None of them, stuck because none of them made sense and instead just left me more and more confused.
Every time I tried bringing it up or suggesting a plan for us to meet up somewhere alone, he'd shift the subject or retreat into the shower.
I've debated just going ahead and joining him to continue the conversation, but then the doubts would get to me again.
I did most things with confidence... but what if this whole time my confidence was wrong?
What if this whole time... the WHOLE TIME I was getting ahead of myself?
No... No way. There was no way I'd been completely wrong.
I knew what I felt from him. I knew how he's made me feel...
You can't fake those things. At least, I'd like to think that you can't.
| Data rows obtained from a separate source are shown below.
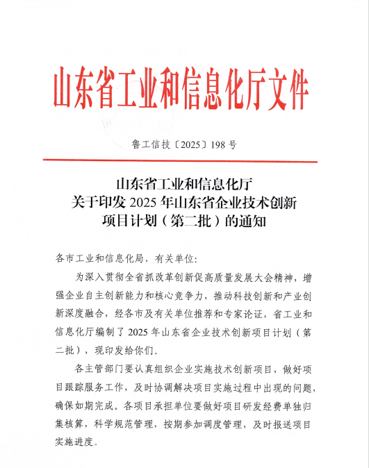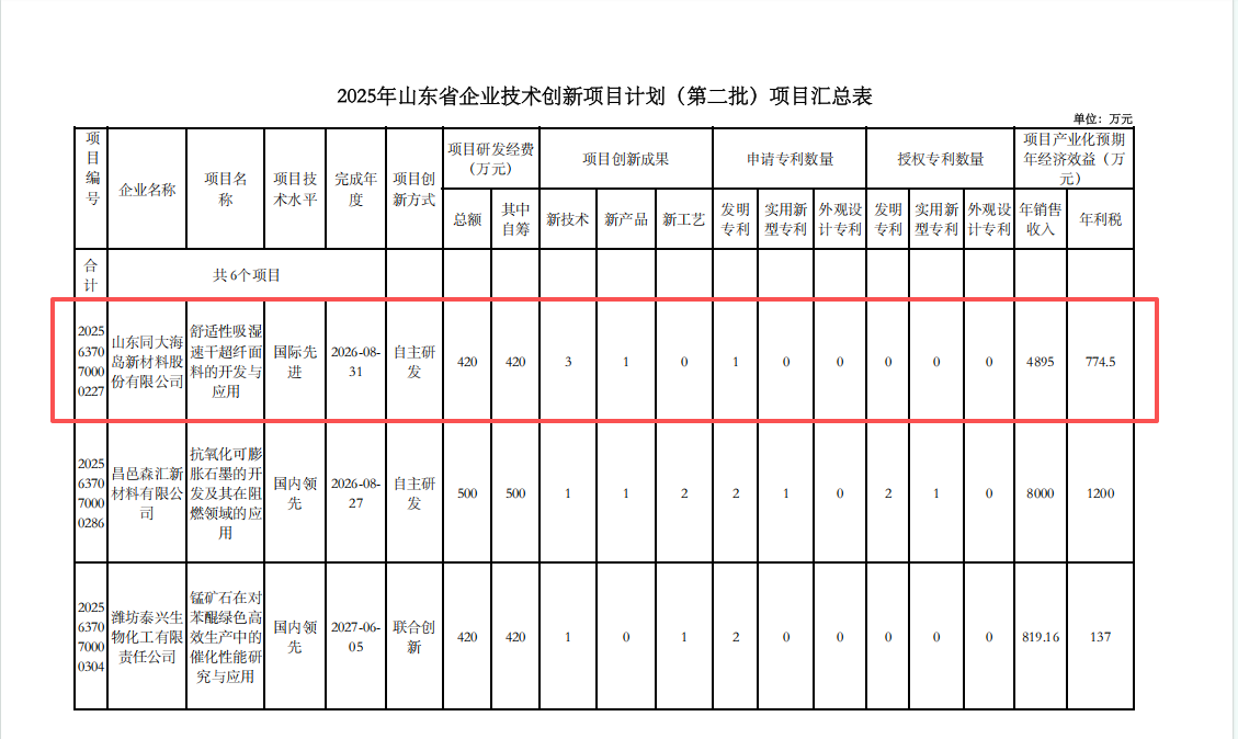 近期,同大股份(300321.SZ)凭借雄厚的科技实力、突出的创新能力,卓越的产品品质,入选“2025年山东省企业技术创新项目计划(第二批)”。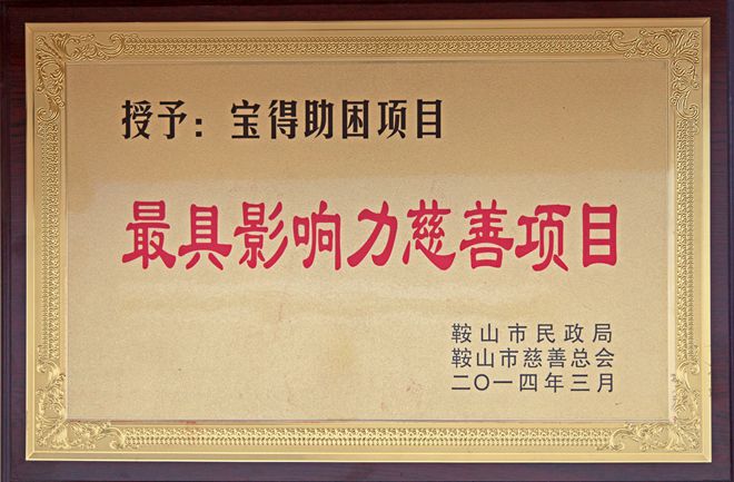3月7日,在鞍山市慈善總會第三次會員大會上,公司榮獲“最具愛心慈善捐贈企業(yè)”、“最具影響力慈善項(xiàng)目”榮譽(yù),董事長榮獲“最具愛愛心慈善楷模”榮譽(yù)稱號。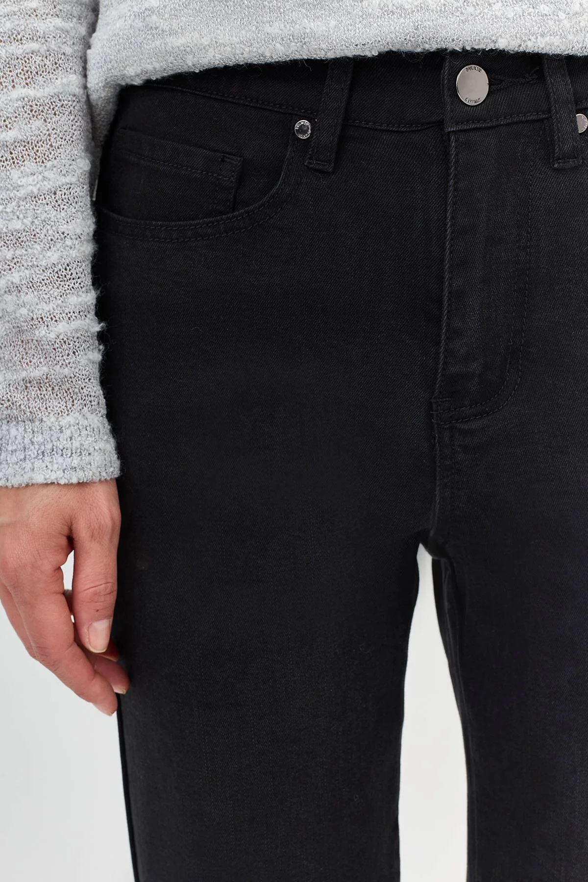 Классический прямой крой в глубоком черном оттенке создает универсальную основу для любого образа. Мягкий деним с эластаном обеспечивает комфорт и свободу движений. Аккуратная вышивка в тон на заднем кармане делает модель более детализированной.
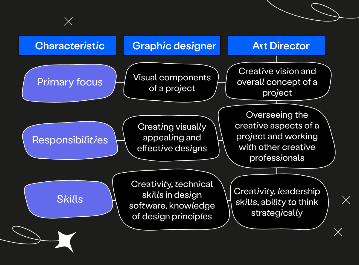 While it’s totally possible to progress from graphic designer to art director if that’s what you aspire to, it’s essential to get familiar with the differences between them and what’s required of each role. This will help you decide whether an art director career is right for you and allow you to focus on developing the skills you need to become one.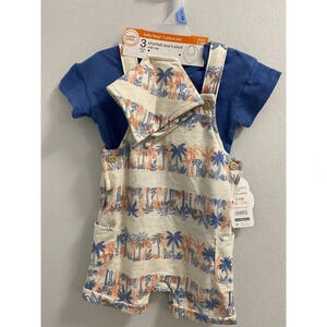 3 PIECE SHORTTALL. 1 TEE SHIRT. 1 SHORTALL. 1 BIB. SIZE 3-6 MONTHS.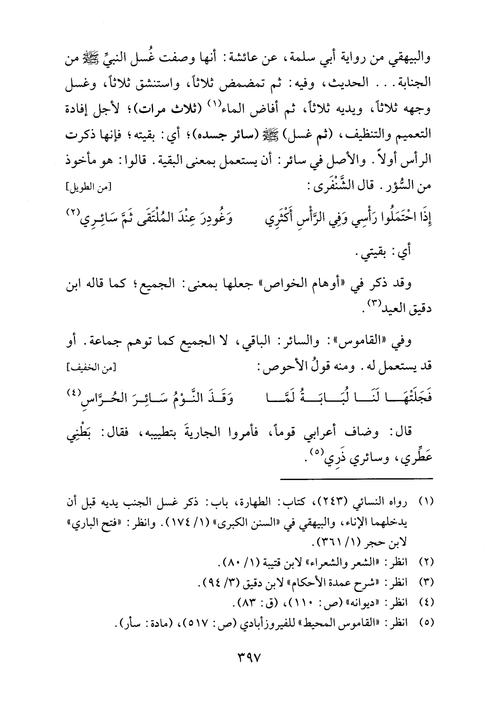 وفي "القاموس": والسائر: الباقي، لا الجميع كما توهم جماعة. أو قد يستعمل له. ومنه قولُ الأحوص: [من الخفيف]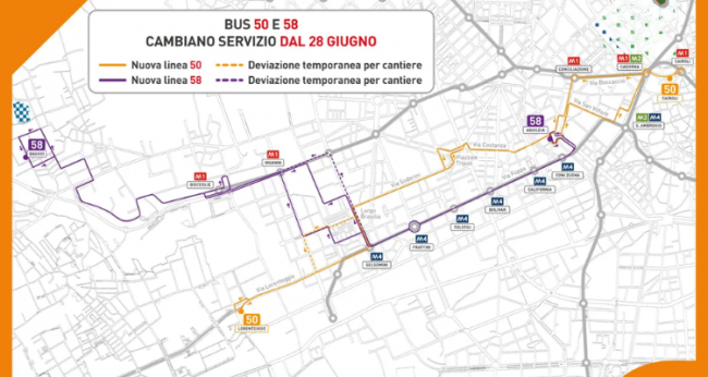 米兰公交6月28日起大改线🚌50路、58路换线路➕临时停靠点全汇总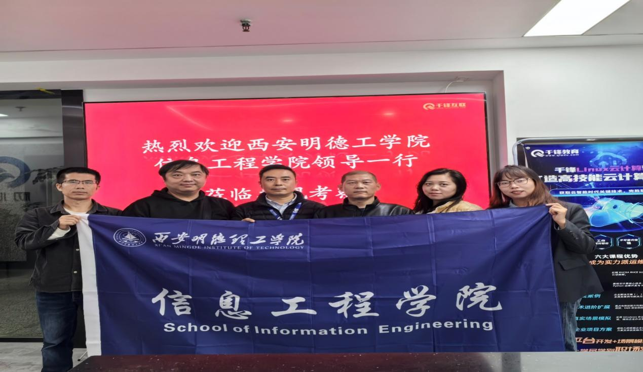 2025年10月17日,为加强校企合作,拓宽学生实习就业渠道,计算机科学与技术专业组织了一次访企拓岗活动。此次活动由该专业负责人蔡现龙老师带队,李梅、胡伟老师一同前往北京千锋互联科技有限公司西安分公司进行实地考察与交流。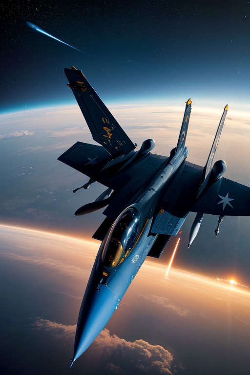 In the shape and style of a yfg-dr0p water drop splash photo of a , A fleet of advanced sci-fi fighter jets soaring through Earth's upper atmosphere, flying in perfect formation. The lead star fighter has a sleek, aerodynamic design with a metallic blue hull, equipped with glowing orange thrusters and high-tech weaponry, including missile launchers and energy cannons. The cockpit is enclosed by a transparent, futuristic glass canopy, reflecting the ambient light from space. The background features a breathtaking view of Earthâs curvature, with scattered clouds below and faint city lights glowing in the distance. The scene is illuminated by a deep blue cosmic glow, with distant stars visible in the background. The afterburners leave behind trails of bright white exhaust as the squadron moves in synchronized precision. The lighting is cinematic, with detailed reflections on the metallic surfaces of the spacecraft. The design is inspired by a fusion of futuristic military aesthetics, cyberpunk sci-fi, and space combat simulations.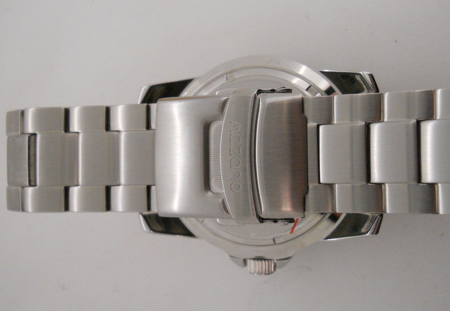 The glass in this watch is one thing that really impressed me, it’s 4mm thick. The back, a little less impressive but adequate at only 1.5mm thick. The bracelet is also impressive, solid stainless steel links rather than the cheaper folded stainless steel plates. The clasp is also well constructed with a spring loaded release mechanism and a safety clip that snaps into position with small spring loaded balls. The operational action of the clasp is what you would expect in a watch twice this price. The dial is large and clear with good contrast, can you get better than white on black? The hour hand is easily distinguished from the minute hand, the hour hand is broad arrow style while the minute hand is picket style. The good contrast extends to the bezel where the large dot is luminous.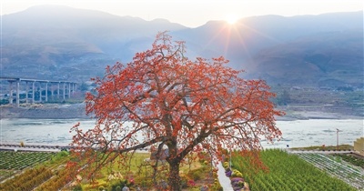 位于攀枝花市仁和区大龙潭彝族乡的拉鲊古渡,300多年树龄的攀枝花古树满树繁花。王禹豪摄

I thought I knew that he specifically couldn't.
He doesn't lie to me... He said that himself months ago.
If that were true then what the hell has been his issue lately?
All these strange actions and yet he still holds me just as tight when we sleep.
Maybe even tighter these past two nights.
I closed my book and tossed it up onto the couch, laying an arm over my eyes after singing deep into the longe.
I missed him.
I missed the stupid teasing, I missed getting angry whenever he made me blush, I missed his touch, his lips, just him.
It'd been only around four days so why did it feel like it'd been months since I last felt wanted by him?
He was still here, so why did he feel so far away?
And if that wasn't bad enough, the scene I just read was incredibly sexy, and his face was the only one I could imagine through all of it.
I was turned on and ached for him in that way too...
In every conceivable way, I wanted him, and he wasn't here.
The sigh I let out was a pitiful one, followed by me forcing my legs to move and get up under me.
To order dinner alone like I had the last three nights.
At least on the first, I ate with Khloe, the second with Lily's company, and the last with Marcus.
Tonight though, I didn't want to go out into public in the funk I was in right now.
We needed to talk.
I looked up at the clock.
If he follows the pattern he has since the start of this, I'm not going to see him until around 9 pm.
An anxious weight filled the center of my chest, trudging my way over to the phone with the hopes that whatever I order, will be enough to serve as a distraction until then.